November 13, 2007
Devil Found in the Details- Gateway is the Wrong Way
Livable Region Coalition Examines Gateway Environmental Assessment Documents
For Immediate Release
November 13, 2007
Vancouver- The Livable Region Coalition has released its findings on the Gateway Program documents submitted to the Environmental Assessment Office and the picture looks bleak. Riddled with low-balled estimates, over-looked, ignored and contradictory information, as well as straw man arguments, the Gateway application has undermined the entire EA process. It is clear that the expansion of Highway 1 and the twinning of the Port Mann Bridge is driven by a communications strategy,
not by sound science and will set Metro Vancouver into a continued pattern of automobile dependence and urban sprawl at a
time when we need to retool our region to cope with climate change and peak oil.

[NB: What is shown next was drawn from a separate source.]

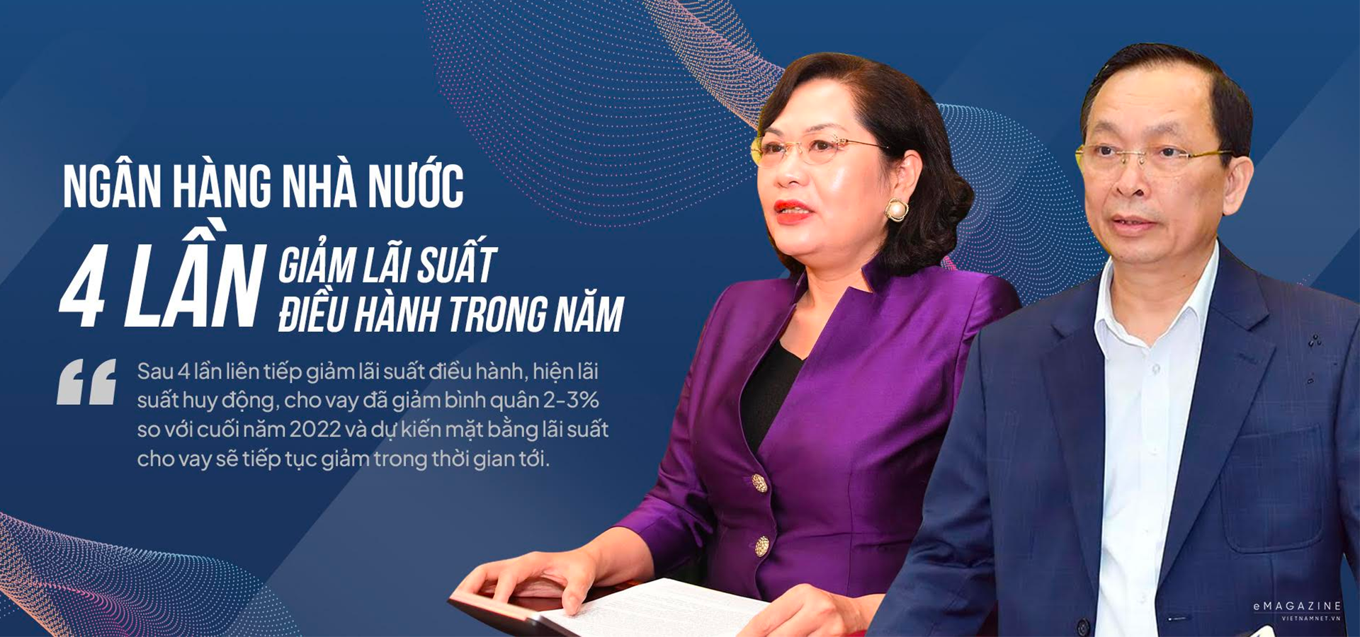 Trong năm 2023, Ngân hàng Nhà nước đã điều hành giảm lãi suất để hỗ trợ, tháo gỡ khó khăn cho nền kinh tế thông qua việc liên tục điều chỉnh giảm 4 lần các mức lãi suất điều hành, với mức giảm 0,5-2,0%/năm, trong bối cảnh lãi suất thế giới tiếp tục tăng và neo ở mức cao; đồng thời, có nhiều văn bản chỉ đạo, trực tiếp làm việc với các tổ chức tín dụng đề nghị tiết giảm chi phí, giảm lãi suất huy động để giảm mặt bằng lãi suất cho vay.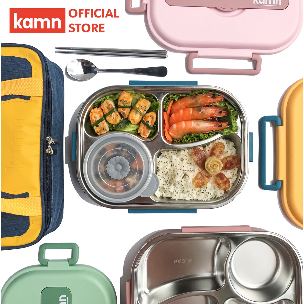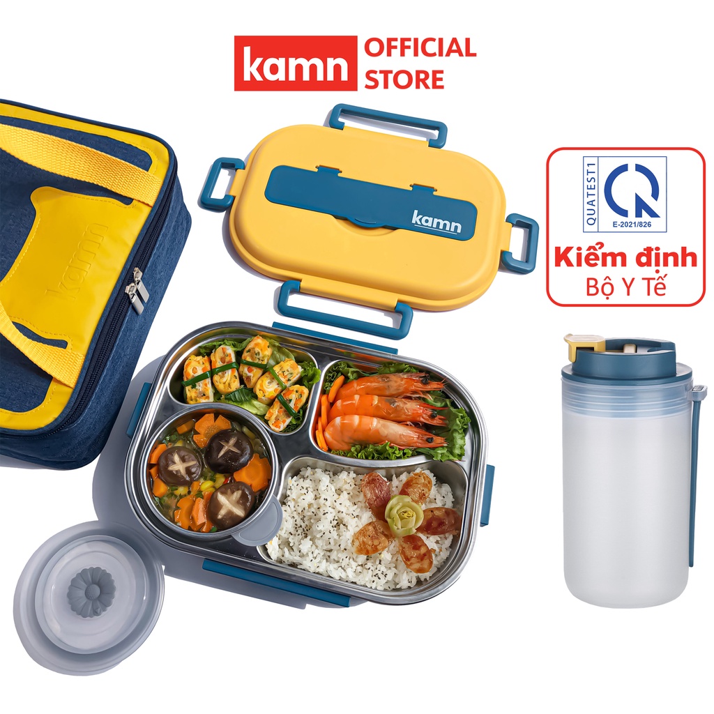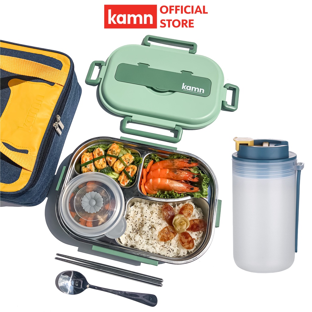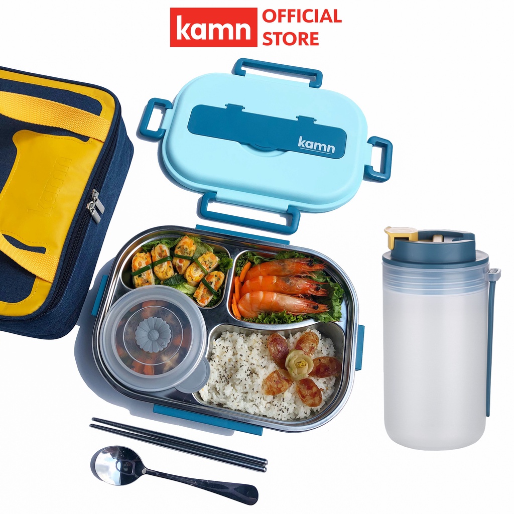 Combo hộp cơm văn phòng 1500ml kèm bình nước đa năng 350ml Yummy Kamn inox 304, 4 ngăn chống tràn

“The Precautionary Principle suggests that a responsible Environment Assessment must consider all realistic scenarios - the good the bad and the ugly,” said Michael Mortensen, Urban Planner and LRC member. “Despite protests from Metro Vancouver that the Highway is not consistent with the LRSP, the Province has held firm on the assumption that their freeway
will not exacerbate sprawl and increase car dependency. This is simply not believable.”
The Gateway Program has yet to provide any evidence to show where freeway expansion has worked to solve traffic congestion and to keep sprawl in check yet promises publicly that this time it will be different.
"The cost benefit analysis would not be acceptable as a term paper from a first year student, let alone justify the expenditure of billions of dollars of public funds," said Stephen Rees, former Program Manager with TransLink.
The demand forecast is deliberately designed to underestimate future traffic levels. The government has chosen to ignore the
effect that the new freeway capacity will have as soon as the new facilities open in generating more traffic. It has also chosen to ignore the inevitable, and much longer term, impact on land use.
“While the Province has compiled a substantial amount of information for the EA certificate application, it has over the course of the document missed critical information, ignored available information, reported findings inaccurately and continuously provided contradictory statements regarding the ecological values of the Highway 1 corridor,” said Pamela Zevit, a conservation biologist. “There is also a substantial lack of detail on how they plan to mitigate and monitor the impacts of the project.”
"The EA application ignores the province's commitment to reduce greenhouse gas emissions 33 percent by 2020. It says that
emissions will just continue to rise, and the freeway expansion is no big deal because it only makes the problem a bit worse." said Eric Doherty, MA Candidate at UBC's School of Community and Regional Planning. "But the application also states that system-wide bridge tolls and adequate transit would provide the equivalent congestion relief as twinning the Port Mann Bridge, a solution that would greatly reduce greenhouse gas emissions. But the application claims that this combination should not be considered as an alternative since the Ministry is not directly responsible for providing transit service."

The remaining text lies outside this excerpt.